He increasingly turned his attention to the black family, initially in northern cities after the Civil War. This work, begun in the late 1960s, culminated in his massive “The Black Family in Slavery and Freedom, 1750-1925”, a book which despite its hefty seven hundred pages, eliminated masses of additional material that Gutman had collected in his Buffalo and Rochester years. Ira Berlin is preparing much of this material, as well as the previously mentioned Paterson studies, for publication by Pantheon. (Kealy S.G.,1986)

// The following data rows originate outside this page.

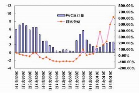 2010 年6 月中國PVC 粉樹脂出口量為2.77 萬噸,均價為966.46 美元/噸,比上月數量增長3.13%,和去年同期相比增長618.01%。
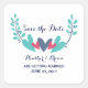 Colorful and whimsical Hearts and Vines Wedding Save the Date Stickers with a cute stylized vine and sweet heart border in a pretty combination of turquoise, blue, and red. This trendy and modern design is easy to customize with your wedding details.
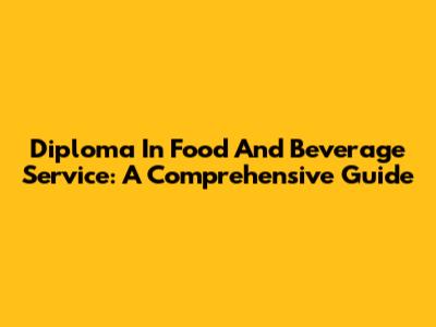 Diploma In Food And Beverage Service: A Comprehensive Guide
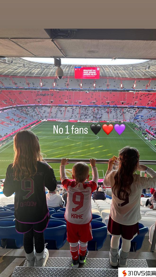 孩子们身穿着凯恩的球衣为父亲加油。凯特写道:“一号球迷们。”
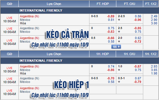 AEGoal.net chốt kèo trực tiếp trận Argentina vs Mexico diễn ra lúc 09h00 ngày 11/9 sau khi dựa trên tính toán, chuyển động về kèo châu Á và đội hình ra sân của 2 đội.
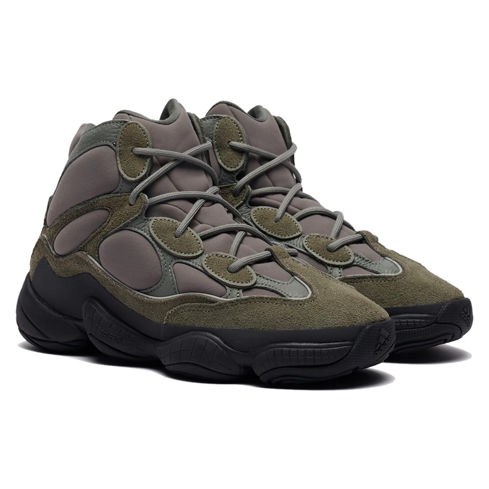 Новое переиздание модели Yeezy Desert Boot совместно с компанией adidas. На этот раз ботинки Yeezy Hight Mist Slate наделены более легкой подошвой с улучшенным сцеплением, а также прекрасной вентиляцией. В целом, дизайн во многом вдохновлен образом армейских ботинок армии США. Ботинки прекрасно подойдут для осенней погоды, при использовании в условиях умеренной влажности. Изысканная расцветка прекрасно дополнит ваш образ.
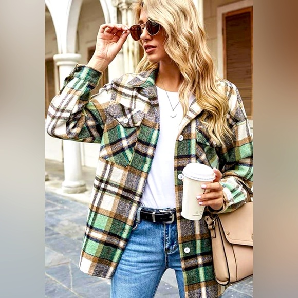 This Shacket is perfect for a pulled-together casual look. Bold plaid print, long sleeves, shirt length with pockets.
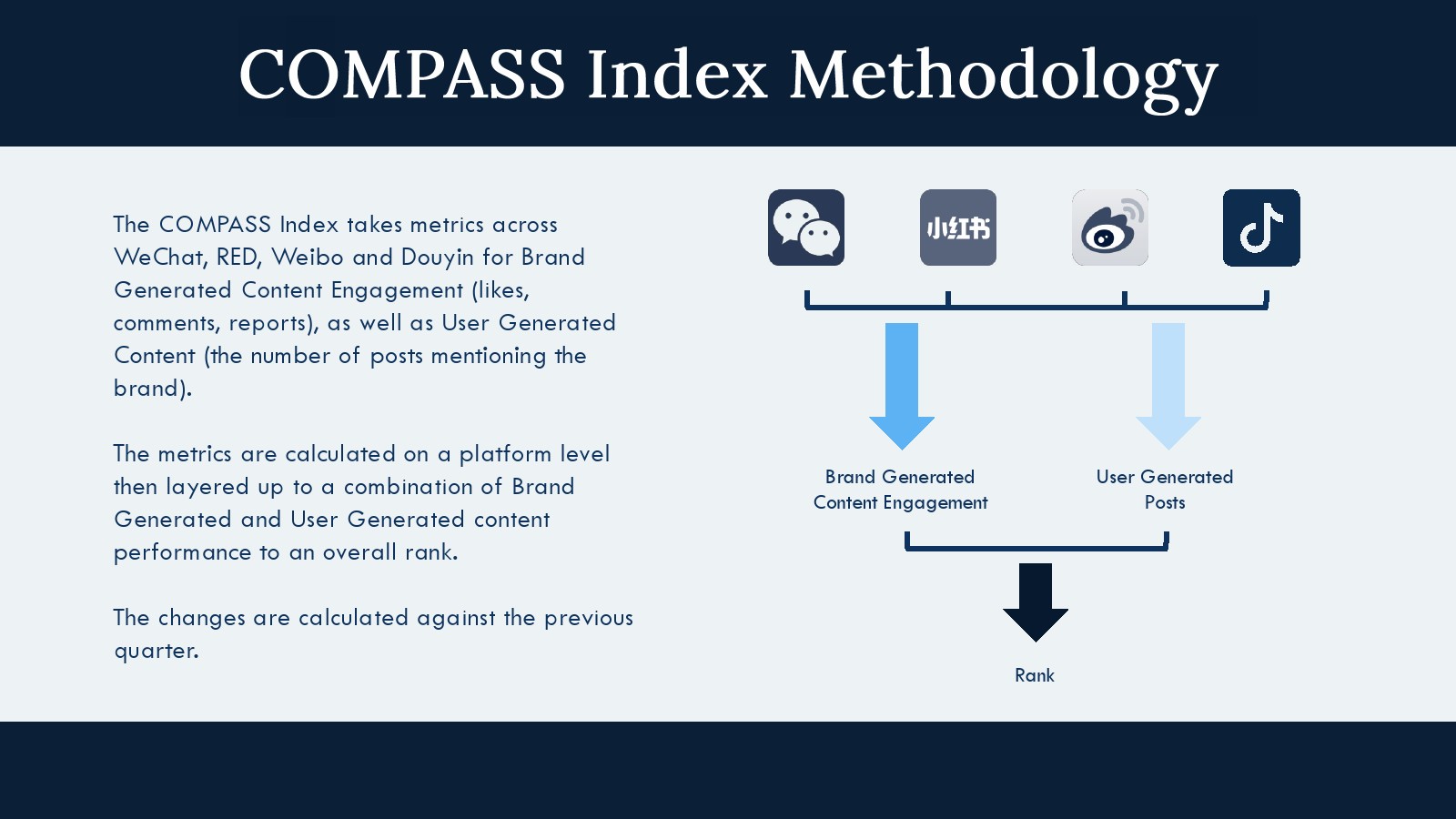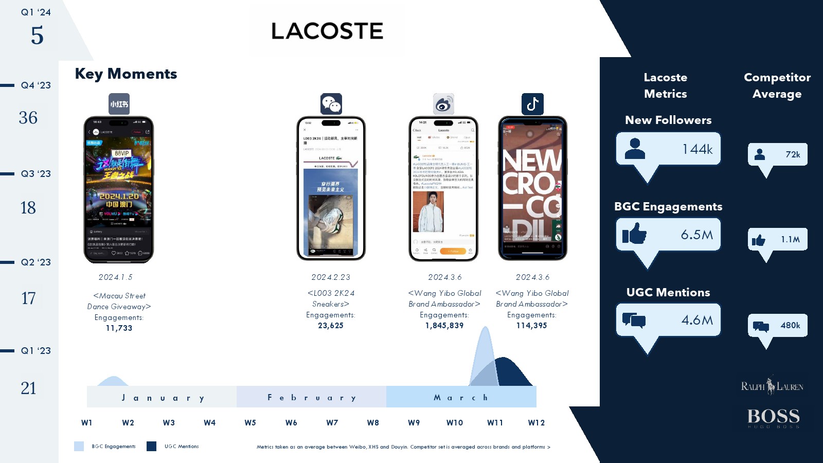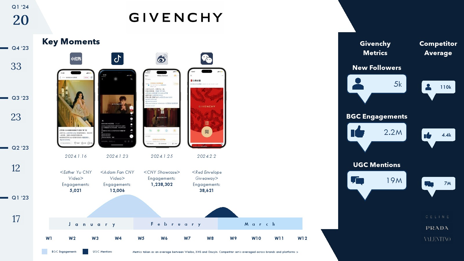 微博带动上升。微博用户生成内容达到了五个季度以来的最高水平,超过4.77亿条微博提到了顶级奢侈品牌,品牌生成内容的参与度增长了40%。
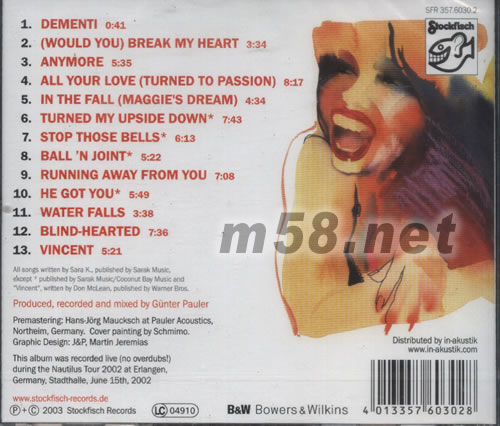 ARE WE THERE YET LIVE IN CONCERT(m58.net) 發燒碟天后Sara.k(莎拉·K)與結他好手Chris Jones 在2002年于德國一場充滿人聲、結他聲及掌聲的演唱會實況錄音CD,是現聲Acoustic(原音)效果至尊示范之作!
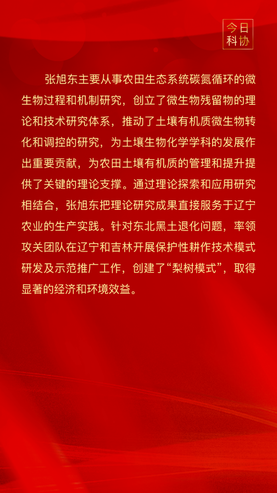 张旭东研究员从事保护性耕作研发、优化和推广工作10余年。他针对黑土地退化问题,建立了我国东北地区首个保护性耕作研发基地(中国科学院沈阳应用生态研究所保护性耕作研发基地),创新发展了“梨树模式”。2019年,胡春华副总理曾先后两次视察保护性耕作研发成果,张旭东研究员团队的工作得到了高度认可,大力推动了国家《东北黑土地保护性耕作行动计划(2020—2025年)》的制定和实施。
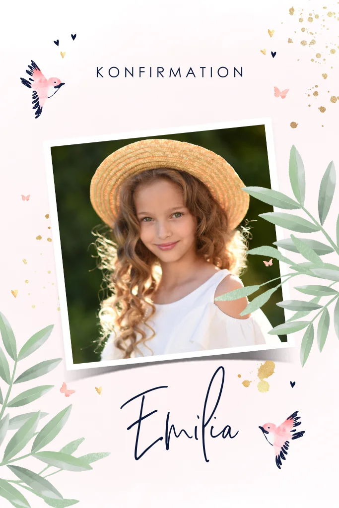 Fröhliche Einladungskarte zur Konfirmation in rosa mit Foto, Vögeln und Herzen.
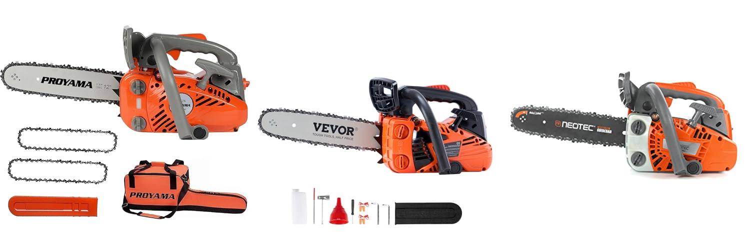 1. PROYAMA 26CC 2-Cycle Top Handle Gas Powered Chainsaw 12 Inch Petrol Handheld Cordless Chain Saw for Tree Wood Cutting with 2 chains(12inch)
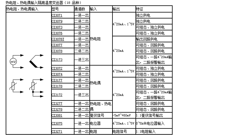 CZ3000系列信號隔離器、轉(zhuǎn)換器、報警設定器是連接于工業(yè)現(xiàn)場儀表與控制室之間的電氣設備。它通過電源、輸入、輸出之間的可靠隔離,有效解決工業(yè)自動化控制系統(tǒng)現(xiàn)場干擾問題,保證系統(tǒng)的穩(wěn)定和可靠運行。它是通用型產(chǎn)品,基本覆蓋自控系統(tǒng)中各種信號隔離、轉(zhuǎn)換、分配、報警等功能要求。

His famous book “The Black Family in Slavery and Freedom, 1750–1925” was brought out a year after the publication of “Slavery and the Numbers Game”. This book is the in-depth study of the black family in slave-holding conditions in the USA. Creating this book the author used census data, extracts from diaries, family records and other sources, which argue that the slavery didn’t overpower black family. Gutman came to a conclusion that the most of black families kept their unity and friendship in spite of the slavery. He also noticed that black families didn’t change their firmness and reliability during the first wave of migration to the North and the Civil War. But Gutman didn’t deny that during 1930s and 1940s there was the decline of the black family.
The heritance of African Americans originated from the African feeling of collectivism and responsibility to each other. The West African proverb says “It takes a whole village to raise a child”. This proverb shows us the solidarity of the black society. Gutman illustrated that black family was supported by the whole community. This sense of collectivism inheres in modern black families. The idea of responsibility was always strong. Nowadays the blood ties can be stronger that conjugal ties.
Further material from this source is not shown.